И что еще хуже — на сцену выступил не кто иной, как новый претендент на наследство! Оказалось, что у Али-паши действительно был брат, который узнал о его смерти с опозданием, поскольку его только сейчас спасли с необитаемого острова, где он пробыл семь лет после кораблекрушения.

Я был раздавлен. Мне пришлось скрыться ночью, навлечь позор на мое благородное семейство, обречь себя на жизнь неправедно преследуемого беглеца!

Голеску вытер с лица слезы и снова как следует приложился к бутылке.

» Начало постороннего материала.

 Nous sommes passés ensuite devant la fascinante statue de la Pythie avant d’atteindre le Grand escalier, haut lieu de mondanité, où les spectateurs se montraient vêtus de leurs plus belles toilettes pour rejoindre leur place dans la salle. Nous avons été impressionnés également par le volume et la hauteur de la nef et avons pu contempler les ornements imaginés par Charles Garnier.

— Никогда больше не сидеть мне за полированным столом, как подобает знатному господину! Никогда мне не махать тросточкой над головами служащих! И что сталось с бриллиантом, сиявшим, словно полная луна? — Он всхлипнул и перевел дыхание, — Тяготы жизни, как гласит пословица, делают человека мудрым, а не богатым, и ныне все мое богатство — это мудрость. Иногда я подумываю и о самоубийстве; но пока я пал не настолько низко. — Он отпил еще, рыгнул и произнес совершенно другим голосом: — Ага, закипает! Эмиль, ласточка моя, принеси-ка длинную палку да помешай хорошенько.

* * *

Когда Голеску проснулся и, скривившись, извлек лицо из недр своей шляпы, уже вовсю сияло солнце. Эмиль по-прежнему сидел на том самом месте, что и тогда, когда Голеску уснул после нескольких часов невнятного монолога. Пустая бутылка стояла там, где Голеску ее оставил, а вот сто сорок четыре пузырька были наполнены.

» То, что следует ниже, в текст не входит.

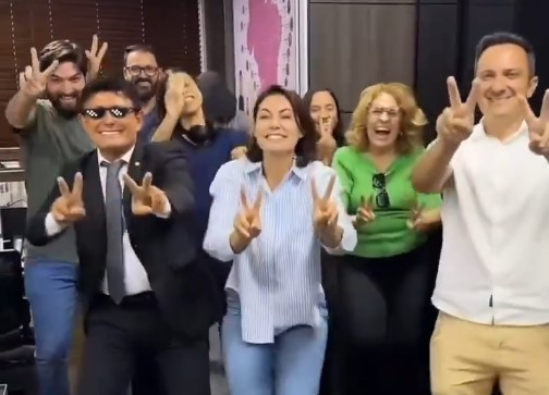 Ao lado de Michelle e outros apoiadores, o deputado federal fez uma coreografia pra lá de sem noção ao som de sua música de campanha. O registro foi feito durante uma reunião com representantes do PL em Brasília e compartilhado pelo parlamentar em suas redes socias.
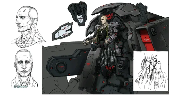 循着机械右眼眼膜上显示的路线,浑身是血的少年跨过一个个鲜血淋漓的尸骸,在堆积着构造体残骸和尸体的走廊内快速行走。残缺不全的尸块暴露了内部骇人的血淋淋的人体组织;滋滋冒着火花的构造体残骸,有一些还在微弱地发出声音,由于发声系统和中枢核心被破坏让他们的声音听起来充满了电子的杂音。
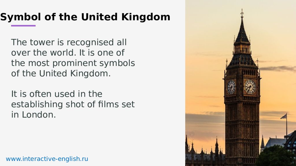 The tower is recognised all over the world. It is one of the most prominent symbols of the United Kingdom. It is often used in the establishing shot of films set in London. Symbol of the United Kingdom www.interactive-english.ru
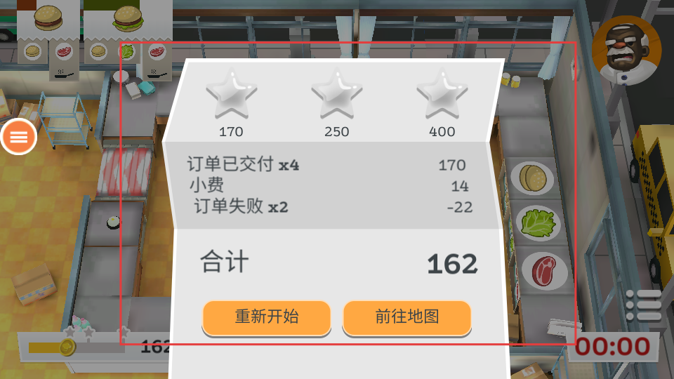 4、關卡結束后,會顯示訂單交付、小費和失敗等數據,根據合計分數,可選擇重新開始或前往地圖,繼續經營廚房。
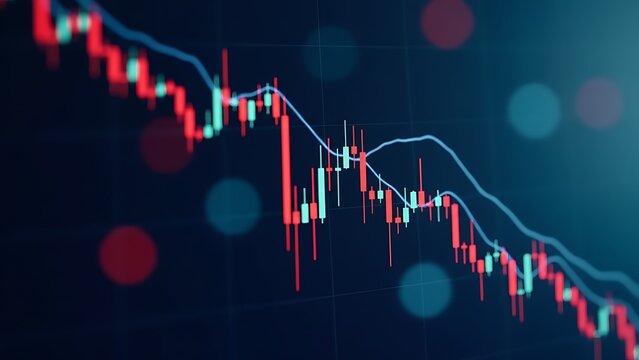 Futuristic financial graph with glowing candlestick bars and data panels

— Что ты… — Голеску сел, глядя на пузырьки. Он не помнил, чтобы разливал концентрированную желтую краску по бутылочкам, — а на тебе, вон они стоят, аккуратно закупоренные.

— Лекарство готово, — сообщил Эмиль.

Голеску с трудом поднялся на ноги. Пустое медное корыто было начищено и сияло как новенькое.

— Неудивительно, что она держит тебя при себе, — заметил Голеску. — Ты ведь, наверно, отчасти домовой, да? Подбрось-ка хворосту в костер, и мы сварим тебе еще картошечки. И пастернака, раз уж ты был таким паинькой. А потом нас ждет приключение.

Он взял мешок и поплелся наводить красоту.

* * *

Два часа спустя они медленно шагали по проселочной дороге, направляясь к воротам, которые заприметил Голеску. Было жарко, и он обливался потом в самом лучшем костюме, который только нашелся в лавке старьевщика: порыжевший черный фрак, полосатые брюки и черный шелковый цилиндр, от которого сильно несло мертвечиной. Слева на груди Голеску разместил впечатляющее созвездие всевозможных медалей, украшенных разноцветными ленточками, присовокупив к ним две-три блестящие этикетки с коробок генуэзского печенья. В руке Голеску нес тяжелый саквояж.

Эмиль был облачен в плащ, очки и шляпу, и его приходилось вести за руку, потому что видел он плоховато.

Когда они приблизились к воротам на сотню ярдов, с другой стороны подскочили два громадных пса и отчаянно залаяли, бросаясь на деревянные планки.

— Подержи сумку! — приказал Голеску и сунул саквояж Эмилю.

— Тяжело, — пожаловался тот.

— Заткнись! Доброе утро, любезный господин! — крикнул Голеску, обращаясь к хозяину усадьбы, который вышел посмотреть, в чем дело.

— Мне жарко.

— Я сказал — заткнись. Можете ли вы уделить мне минуточку внимания, любезный господин?

— Кто вы, черт побери, такой? — спросил хозяин, придерживая псов за ошейники.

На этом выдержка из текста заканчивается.